Versuch PS mal mehr Speicher zu geben.


----------



## Mythos007 (12. Dezember 2002)

hmm - wenn Du wirklich 750 mb ram haben solltest *g* 
dann würde ich dir gern einen 278,596 MB-Ram baustein
abkaufen *g*


----------



## Christoph (12. Dezember 2002)

rofl


----------



## Gerch (12. Dezember 2002)

@hochi...alles schon getan
@mythos007...natürlich kannste den 278,596 Riegel haben...wird dich aber eine Stange Geld kosten du Erbsenzähler)
hat vielleicht noch jemand ein"sinnvolle" Idee?
DAAANNKEEE!;-)


----------



## Christoph (12. Dezember 2002)

schonmal versucht laufenden Programme zu schließen?

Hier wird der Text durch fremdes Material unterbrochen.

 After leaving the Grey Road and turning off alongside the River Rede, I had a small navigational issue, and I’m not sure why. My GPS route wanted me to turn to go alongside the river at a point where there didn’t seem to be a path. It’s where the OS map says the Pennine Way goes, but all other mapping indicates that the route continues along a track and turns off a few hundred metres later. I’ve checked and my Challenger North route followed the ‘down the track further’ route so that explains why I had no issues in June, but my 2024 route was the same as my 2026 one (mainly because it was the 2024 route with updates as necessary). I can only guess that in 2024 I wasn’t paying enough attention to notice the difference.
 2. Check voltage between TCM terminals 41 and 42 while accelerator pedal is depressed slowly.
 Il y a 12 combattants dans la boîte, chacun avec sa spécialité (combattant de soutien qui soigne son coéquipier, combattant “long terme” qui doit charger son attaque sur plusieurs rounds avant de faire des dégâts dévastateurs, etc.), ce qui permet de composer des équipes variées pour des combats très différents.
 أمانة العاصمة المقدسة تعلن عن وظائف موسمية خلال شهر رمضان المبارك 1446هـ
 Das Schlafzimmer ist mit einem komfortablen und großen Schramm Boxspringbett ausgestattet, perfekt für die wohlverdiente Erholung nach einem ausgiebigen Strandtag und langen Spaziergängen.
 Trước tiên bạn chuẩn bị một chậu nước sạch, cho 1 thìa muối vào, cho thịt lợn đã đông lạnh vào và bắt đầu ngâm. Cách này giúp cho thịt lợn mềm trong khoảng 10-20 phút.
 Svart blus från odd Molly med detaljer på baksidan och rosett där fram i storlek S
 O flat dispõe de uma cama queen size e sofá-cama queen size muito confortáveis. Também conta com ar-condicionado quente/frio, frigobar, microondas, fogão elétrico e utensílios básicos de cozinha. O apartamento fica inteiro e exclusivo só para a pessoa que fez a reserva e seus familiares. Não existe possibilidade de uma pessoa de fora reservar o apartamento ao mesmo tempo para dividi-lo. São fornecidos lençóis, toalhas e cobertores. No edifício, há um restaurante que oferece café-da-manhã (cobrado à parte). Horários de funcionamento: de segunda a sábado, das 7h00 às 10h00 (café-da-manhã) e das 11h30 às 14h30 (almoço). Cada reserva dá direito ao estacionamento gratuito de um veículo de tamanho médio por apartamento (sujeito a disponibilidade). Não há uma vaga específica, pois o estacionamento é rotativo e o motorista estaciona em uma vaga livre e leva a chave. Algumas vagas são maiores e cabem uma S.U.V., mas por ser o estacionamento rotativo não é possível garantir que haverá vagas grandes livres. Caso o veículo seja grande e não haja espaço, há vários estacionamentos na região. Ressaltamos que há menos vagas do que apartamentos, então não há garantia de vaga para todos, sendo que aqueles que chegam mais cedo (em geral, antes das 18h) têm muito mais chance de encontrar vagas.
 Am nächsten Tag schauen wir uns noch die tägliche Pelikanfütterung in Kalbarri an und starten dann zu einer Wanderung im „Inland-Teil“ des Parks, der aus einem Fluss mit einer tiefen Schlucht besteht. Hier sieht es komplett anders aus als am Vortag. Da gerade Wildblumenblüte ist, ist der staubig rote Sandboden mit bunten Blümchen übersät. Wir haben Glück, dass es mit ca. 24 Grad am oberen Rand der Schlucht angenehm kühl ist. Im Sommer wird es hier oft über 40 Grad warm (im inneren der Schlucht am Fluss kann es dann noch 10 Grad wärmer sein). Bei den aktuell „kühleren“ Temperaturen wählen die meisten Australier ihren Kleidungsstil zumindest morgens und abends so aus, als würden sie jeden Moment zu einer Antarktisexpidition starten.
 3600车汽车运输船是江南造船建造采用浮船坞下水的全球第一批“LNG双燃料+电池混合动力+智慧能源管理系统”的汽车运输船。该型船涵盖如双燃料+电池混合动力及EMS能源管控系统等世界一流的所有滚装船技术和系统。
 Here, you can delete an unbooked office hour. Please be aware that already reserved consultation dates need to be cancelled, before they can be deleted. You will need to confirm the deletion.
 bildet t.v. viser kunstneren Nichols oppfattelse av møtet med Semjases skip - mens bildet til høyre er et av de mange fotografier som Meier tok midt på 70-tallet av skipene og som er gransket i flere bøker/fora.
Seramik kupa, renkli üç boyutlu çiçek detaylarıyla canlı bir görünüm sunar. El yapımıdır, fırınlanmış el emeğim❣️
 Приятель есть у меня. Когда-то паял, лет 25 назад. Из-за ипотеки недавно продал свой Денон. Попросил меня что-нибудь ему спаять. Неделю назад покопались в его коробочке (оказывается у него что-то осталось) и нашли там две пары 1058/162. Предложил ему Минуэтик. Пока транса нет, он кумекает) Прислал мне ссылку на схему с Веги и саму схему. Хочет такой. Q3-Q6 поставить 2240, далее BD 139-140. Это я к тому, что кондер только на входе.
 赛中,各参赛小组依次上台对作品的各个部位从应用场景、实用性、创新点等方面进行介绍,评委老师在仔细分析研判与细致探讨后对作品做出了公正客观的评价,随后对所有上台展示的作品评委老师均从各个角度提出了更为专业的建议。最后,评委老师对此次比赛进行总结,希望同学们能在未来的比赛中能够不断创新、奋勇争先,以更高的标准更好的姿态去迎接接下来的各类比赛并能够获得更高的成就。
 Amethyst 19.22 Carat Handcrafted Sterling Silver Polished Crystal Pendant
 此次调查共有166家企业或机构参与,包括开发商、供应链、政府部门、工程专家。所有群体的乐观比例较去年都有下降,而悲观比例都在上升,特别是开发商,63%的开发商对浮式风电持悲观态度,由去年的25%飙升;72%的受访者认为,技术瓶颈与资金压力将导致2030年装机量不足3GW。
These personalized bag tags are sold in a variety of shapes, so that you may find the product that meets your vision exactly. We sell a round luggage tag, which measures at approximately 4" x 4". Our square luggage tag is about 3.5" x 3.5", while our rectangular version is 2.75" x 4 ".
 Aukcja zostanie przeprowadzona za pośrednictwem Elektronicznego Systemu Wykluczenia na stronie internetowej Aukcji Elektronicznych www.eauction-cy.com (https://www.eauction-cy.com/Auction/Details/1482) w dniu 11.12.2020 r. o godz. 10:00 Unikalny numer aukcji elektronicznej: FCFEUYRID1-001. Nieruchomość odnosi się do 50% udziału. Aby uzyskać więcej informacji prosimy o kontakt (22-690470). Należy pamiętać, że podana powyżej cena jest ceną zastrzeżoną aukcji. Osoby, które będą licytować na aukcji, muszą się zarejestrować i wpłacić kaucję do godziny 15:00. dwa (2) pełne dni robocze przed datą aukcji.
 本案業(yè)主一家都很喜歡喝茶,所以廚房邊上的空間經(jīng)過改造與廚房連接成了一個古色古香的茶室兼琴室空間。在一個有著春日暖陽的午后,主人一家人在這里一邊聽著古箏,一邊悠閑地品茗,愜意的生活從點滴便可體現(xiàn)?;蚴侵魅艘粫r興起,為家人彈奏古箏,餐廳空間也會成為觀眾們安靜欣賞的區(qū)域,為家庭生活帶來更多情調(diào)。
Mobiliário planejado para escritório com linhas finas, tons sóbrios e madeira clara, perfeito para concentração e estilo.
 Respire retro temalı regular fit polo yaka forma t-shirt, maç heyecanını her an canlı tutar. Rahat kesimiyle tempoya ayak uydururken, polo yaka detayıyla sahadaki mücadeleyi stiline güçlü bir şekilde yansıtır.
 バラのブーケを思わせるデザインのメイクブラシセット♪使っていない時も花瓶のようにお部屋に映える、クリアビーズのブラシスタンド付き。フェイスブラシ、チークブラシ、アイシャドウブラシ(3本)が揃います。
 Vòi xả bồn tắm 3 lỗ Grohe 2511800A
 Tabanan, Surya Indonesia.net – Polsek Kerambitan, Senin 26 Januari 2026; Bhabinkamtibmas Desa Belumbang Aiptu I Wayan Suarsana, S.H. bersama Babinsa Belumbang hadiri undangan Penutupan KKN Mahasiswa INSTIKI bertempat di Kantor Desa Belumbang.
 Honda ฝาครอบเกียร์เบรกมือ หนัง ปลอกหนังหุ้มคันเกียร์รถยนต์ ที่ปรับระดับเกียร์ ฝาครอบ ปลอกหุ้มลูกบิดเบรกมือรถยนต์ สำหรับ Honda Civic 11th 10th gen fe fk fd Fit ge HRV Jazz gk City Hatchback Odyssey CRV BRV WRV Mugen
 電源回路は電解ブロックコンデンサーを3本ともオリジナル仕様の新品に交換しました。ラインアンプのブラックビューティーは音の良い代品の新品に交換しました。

Wie gross sind deine Bilder? (Pfade?)

sonst neuinstallieren versuchen.


----------



## Gerch (12. Dezember 2002)

wirklich...alles schon versucht.Wenn ich Pfade aus Freehand mit cut&paste in Photoshop einfüge, bringt er mir die obengenannte Fehler meldung...und dann geht gar nichts mehr(kann keine neuen Dokumente mehr öffnen).Neu installiert hab ich auch schon, nachdem er mir permanent diesen Fehler gebracht hat.Virtueller Speicher ist genügend zugewiesen...also langsam glaube ich liegt das entweder an windows oder er packt die Pfade aus Freehand nicht*achselzuck*bin wirklich ratlos!


----------



## Christoph (12. Dezember 2002)

fügst du die pfade als "pfade", Formebene oder Pixel ein?

ich weiss blöde frage....


----------



## Mythos007 (12. Dezember 2002)

hast du schon mal die einstellungen von photoshop resetet ?
wenn nicht - vielleicht hilf dies ja bei dir ... dazu musst
du einfach nur beim starten von photoshop strg+alt+shift
gedrückt halten ...


----------



## ::emanuel:: (12. Dezember 2002)

mal ne grundsätzliche frage:
hast du probleme mit dem ram nur bei photoshop oder auch bei anderen programmen?

lg
emanuel


----------



## Gerch (13. Dezember 2002)

Hi,
@hochi ...ich füge die Zwischenablage als Pixel ein(wenn er´s denn mal macht  )
@mythos007...werde ich mal probieren, aber was bewirkt das eigentlich genau? Werden die Preferenzen zurückgesetzt?
@emanuel ... nein, das RAM-Problem habe ich bloß bei Photoshop in Verbindung mit Freehands(9) Pfaden.Danach kann ich Freehand getrost schließen bekomme aber kein neues (Photoshop)Dokument mehr auf. Komischer Weise fügt er (bis jetzt) Illustrator-Pfade problemlos ein.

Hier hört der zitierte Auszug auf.